[Four c.1910s Autograph Letters Signed from Edward Haas Robins, American Stage and Film Actor, Canadian Film Producer, and Leader of The Robins Players Theater Company].

On the road with The Robins Players


Edward Haas Robins, Actor
In 1880, American stage and film actor Edward Haas Robins was born as Edward Haas in Shamokin, Pennsylvania. Around 1909, after a stint acting with the Bush Temple stock company in Chicago, Robins made his debut on the New York stage.

Robins appeared in the play The Easiest Way, directed by the legendary theatrical producer and impresario, David Belasco (1853–1931). In 1911, Robins was elected to membership in “The Lambs,” the first American professional theatrical club.

Robins’ letters discuss theatrical and acting matters; all are addressed to “Jim,” possibly a fellow actor in The Robins Players. Robins writes:

Enclosed article may interest you. Stanley of Stanley & Bosworth [Toronto tailors and outfitters] sent it to me. he says business is good in Toronto. Let’s arrange something as soon as possible, am not very well and am awfully worried. [Canadian-born Broadway actress] Margaret Anglin and [American Broadway actress] Blanche Bates both sent for me last week for the leading parts in their new plays but found I was too young to play opposite them. It’s just one thing after the other and I am getting much discouraged.

Writing from Toronto to “Jim,” Robins begins:

Enclosed find draft for $600. All I can spare. It leaves me with 352 in the bank with everything paid to date. Fair advance for the week. … Big time last night. Play went very well. … For goodness sake get the next play here on time.

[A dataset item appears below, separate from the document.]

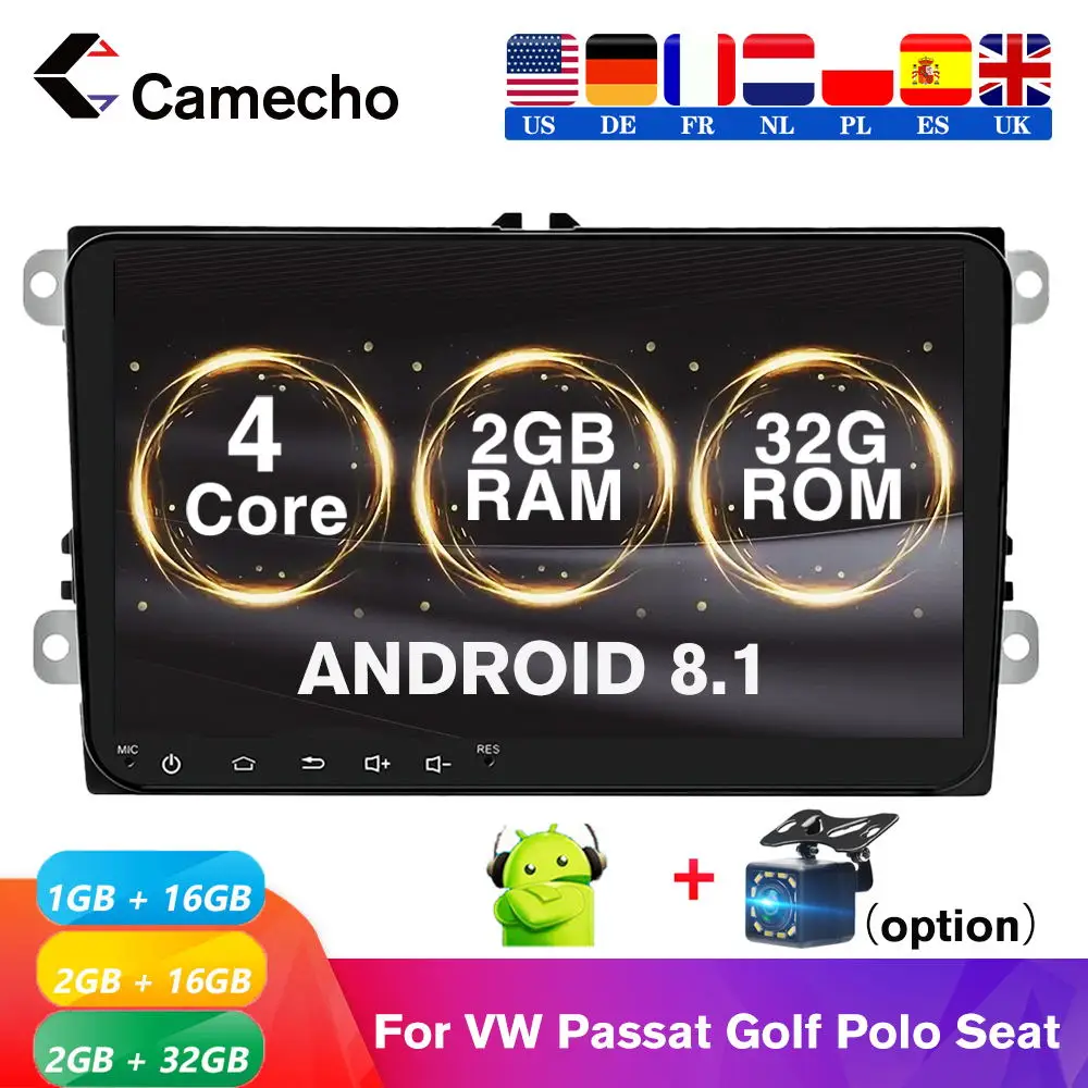 Автомагнитола Camecho, 2 Din, Android 8,1, GPS, мультимедийный плеер, Авторадио для VolkswagenVW PassatPOLOGOLFSkodaSeatLeon, радио

One letter may refer either to Robins being released from a contract or that he is being called to mount a new production:

Things all right here. They are going to let me go. Have to arrange about transportation in the morning. They have been calling me up.

This collection of four undated letters handwritten by Edward Haas Robins appear to have been written in the 1910s. Three of the letters are written on “The Lambs” club letterhead. The fourth letterhead, that of the Toronto office of The Robins Players and likely from 1915, lists Robins as vice president of The Beury Feature Film Company.

Previously, in 1914, Robins had co-founded the Conness-Till Film Company. Robins got American theatrical promoter Luke E. Conness, Toronto investor Louis A. Till, and Philadelphia financiers James P. and Charles E. Beury to invest in a film studio for the Canadian market. Conness-Till films. with Canadian content and written by Canadian writers, enabled them to compete with imported films.

The Beury brothers took over the company in 1915, retaining Robins as an actor and vice-president. The studio was re-named The Beury Feature Film Company. The studio was destroyed by fire that same year.

Later Stage and Film Careers of Edward Haas Robins
Robins remained a member of “The Lambs” until his death in 1955. He continued to act on Broadway into the 1930s and between 1935 and 1937 appeared in five feature films. His films include the romantic comedy It Happened in Paris (1935), co-directed by Carol Reed and Robert Wyler, and the drama Exclusive (1937), starring Fred MacMurray.

For an excellent article on Robins and Conness-Till see Historicist: Early Cinema, Made in Canada; The ambitious but short-lived Conness-Till movie studio in Swansea.


Description: [Four c.1910s Autograph Letters Signed from Edward Haas Robins, American Stage and Film Actor, Canadian Film Producer, and Leader of The Robins Players Theater Company].

New York and Toronto, c.1910s. Four ALsS. [7]pp in all. One quarto sheet and three small octavo bifoliums. Approx. 8½ x 11 inches and 6¾ x 4¼ inches, respectively. Folds; minor soiling on two letters; overall, very good.

[3725830]

Refs. Edward H. Robins — IMDb accessed online. Fleming, Paul Bern, The Life and Famous Death of the MGM Director and Husband of Harlow (Jefferson, North Carolina, 2009). Gilbert, compiler, Actors and Actresses by Different Writers Compiled from Various Magazines (Chicago, 1909). Lerner, Canadian Film and Video: A Bibliography and Guide to the Literature (Toronto, 1997).